Seeing Junuh has grown and matured, Bagger decides that his golfer does not need him any more. With the 18th hole left unfinished, Bagger gives the position of caddie to Greaves and leaves as mysteriously as he came.
Though losing a chance to win because of the penalty, Junuh sinks an improbable putt and the match ends in a gentlemanly three-way tie. The three golfers shake hands with all of Savannah cheering. Junuh and Adele get back together.
The old Greaves wakes up and sees Bagger Vance, not aged a day, on the golf course. As Bagger beckons, Greaves follows.
The plot is loosely based on the Hindu sacred text the Bhagavad Gita, part of the Hindu epic Mahabharata, where the Warrior/Hero Arjuna (R. Junuh) refuses to fight. The god Krishna appears as Bhagavan (Bagger Vance) to help him follow his path as the warrior and hero that he was meant to be. This relationship was explained by Steven J. Rosen in his 2000 book Gita on the Green: The Mystical Tradition Behind Bagger Vance, for which Pressfield wrote the foreword.[3]

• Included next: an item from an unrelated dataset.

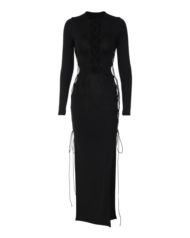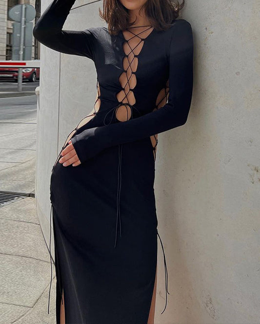 Hollow Lace-up Slim Slit Long Sleeve Dress

Portions of the exhibition match were set at the Kiawah Island Golf Resort in South Carolina, United States, considered one of the toughest in the country. The scene in which Greaves has a heart attack was shot on No. 11 of the resort's Cougar Point golf course. The final hole in the film was temporary, so the filming did not interfere with the club activities, and cost US$200,000 to build. Most of the golf scenes were filmed at Colleton River Plantation,[4] just off Hilton Head Island.[5] Certain segments were filmed in Savannah and Jekyll Island, Georgia.[6]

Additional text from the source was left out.